Una epidemia de violencia vial recorre las calles de Nueva York con cifras récord de siniestralidad
Los radares se desconectan por la noche y los fines de semana y el exceso de velocidad provoca frecuentes accidentes mortales
Las promesas de regeneración de tantos males urbanos que en su día alentó la pandemia no han tardado en desinflarse en Nueva York en lo relativo al tráfico.
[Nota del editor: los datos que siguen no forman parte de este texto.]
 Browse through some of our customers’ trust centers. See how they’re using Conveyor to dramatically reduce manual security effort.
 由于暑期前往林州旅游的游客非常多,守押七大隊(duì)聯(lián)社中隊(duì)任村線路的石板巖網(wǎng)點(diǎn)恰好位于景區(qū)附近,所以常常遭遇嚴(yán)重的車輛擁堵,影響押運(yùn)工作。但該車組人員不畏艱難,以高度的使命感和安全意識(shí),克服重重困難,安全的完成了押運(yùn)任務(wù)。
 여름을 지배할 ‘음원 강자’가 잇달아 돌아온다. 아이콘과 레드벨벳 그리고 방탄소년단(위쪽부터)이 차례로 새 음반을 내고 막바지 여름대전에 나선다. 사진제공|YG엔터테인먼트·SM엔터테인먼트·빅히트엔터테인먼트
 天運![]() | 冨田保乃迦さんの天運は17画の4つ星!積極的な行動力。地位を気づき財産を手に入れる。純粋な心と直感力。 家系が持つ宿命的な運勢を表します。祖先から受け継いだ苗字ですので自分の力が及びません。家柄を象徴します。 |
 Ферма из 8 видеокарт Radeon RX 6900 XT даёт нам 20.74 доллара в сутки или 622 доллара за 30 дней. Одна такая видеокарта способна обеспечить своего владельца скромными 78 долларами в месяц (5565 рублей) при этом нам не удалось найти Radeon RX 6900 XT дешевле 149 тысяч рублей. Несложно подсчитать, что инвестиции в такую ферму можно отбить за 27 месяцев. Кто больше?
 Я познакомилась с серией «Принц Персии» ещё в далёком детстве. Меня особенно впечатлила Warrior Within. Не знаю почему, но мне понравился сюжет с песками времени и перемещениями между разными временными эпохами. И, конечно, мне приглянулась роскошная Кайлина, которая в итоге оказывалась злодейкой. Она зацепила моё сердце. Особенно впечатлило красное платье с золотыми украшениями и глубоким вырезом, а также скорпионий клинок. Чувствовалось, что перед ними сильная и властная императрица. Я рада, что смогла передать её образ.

La nueva normalidad no solo no ha supuesto un mayor uso del transporte público, un sistema disfuncional y deficitario, sino un aumento del uso del coche que desde 2021 está provocando cifras de siniestralidad sin parangón. Al aumento de los accidentes de tráfico no es ajena la desconexión del sistema de radares de velocidad de la ciudad, que por ley estatal apaga sus cámaras de 10 de la noche a seis de la mañana y durante los fines de semana. Los atropellos mortales a consecuencia del exceso de velocidad, con peatones y ciclistas como víctimas propiciatorias, se han convertido en un hecho cotidiano, hasta el punto de ser definido por agentes sociales como una “epidemia de violencia vial”.
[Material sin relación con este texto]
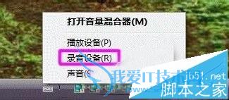 1、打开声音调节板,在右下角的小喇叭上点右键,选择“录音设备”。
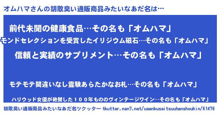 | 男性向けラノベタイトル風あだ名 | 『ダンジョンにオムハマを求めるのは間違っているだろうか』 |
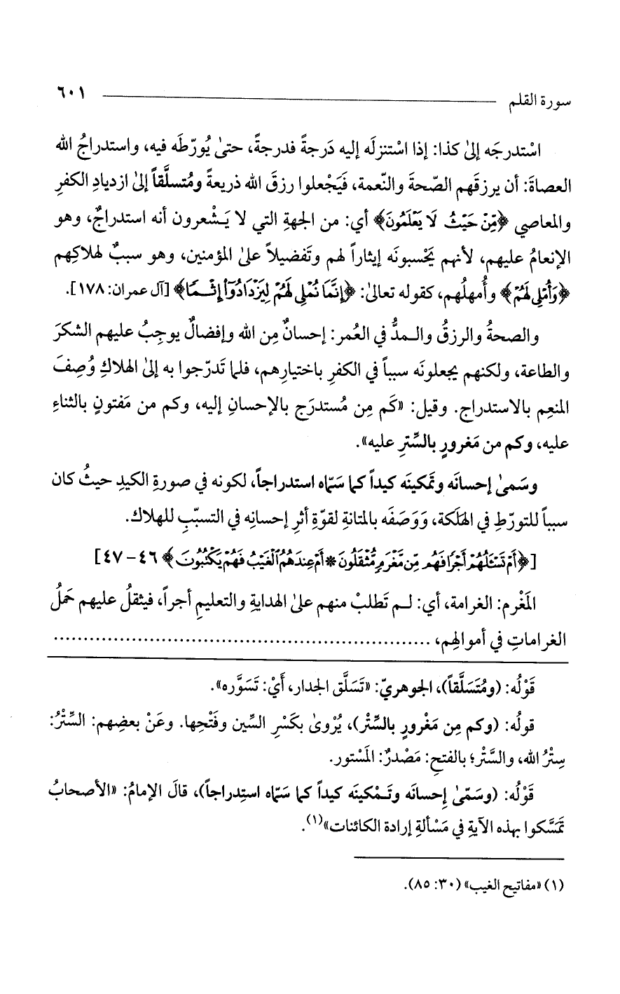 قوله: (وسمى إحسانه وتمكينه كيدًا كما سماه استدراجًا)، قال الإمام: "الأصحاب تمسكوا بهذه الآية في مسألة إرادة الكائنات".
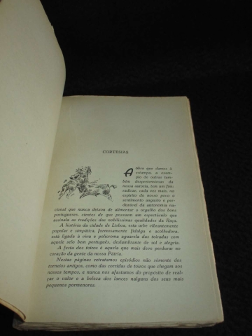 Esta obra inclui notáveis ilustrações de Roque Gameiro, Alberto de Sousa, Alfredo Morais, Rocha Vieira, Álvaro Duarte de Almeida – a quem se deve a luminosa capa – e dos fotógrafos Egídio Costa, P. Guedes, Benoliel, Silva Nogueira, F. Santos, Campeão, Ismael, Figueiredo e Serrano. Capa de brochura. Ilustrações a p/b.. + uma folha desdobrável com fotografias de "antigos e notáveis lidadores portugueses" e "Cavaleiros, matadores, bandarilheiros, praticantes, amadores e aficionados". Obra fundamental da bibliografia tauromáquica portuguesa. Trata-se de uma monografia que documenta o elo íntimo entre Lisboa e a festa brava, com riqueza iconográfica e narrativa.

El tráfico rodado dice mucho de una ciudad, y en el caso de la Gran Manzana, también de la desigualdad del diseño urbano. Las muertes han aumentado un 29% con respecto a 2018, el año más seguro de Vision Zero, un plan municipal para prevenir accidentes que lanzó en 2014 el entonces alcalde Bill de Blasio. Varios factores definen el fenómeno entre el alud de estadísticas: víctimas mortales cada vez más jóvenes (un 11%, menores de 18 años), incremento de conductores que se dan a la fuga después del choque o atropello (un 129% más en el segundo trimestre, con respecto a ese periodo de 2019), y una cifra tres veces más alta de víctimas entre usuarios de bicis, patinetes y motocicletas en Brooklyn. Pero el distrito peor parado es el Bronx: con la misma población potencial de ciclistas que los otros cuatro, registró este semestre más muertes que antes de la implementación de Vision Zero.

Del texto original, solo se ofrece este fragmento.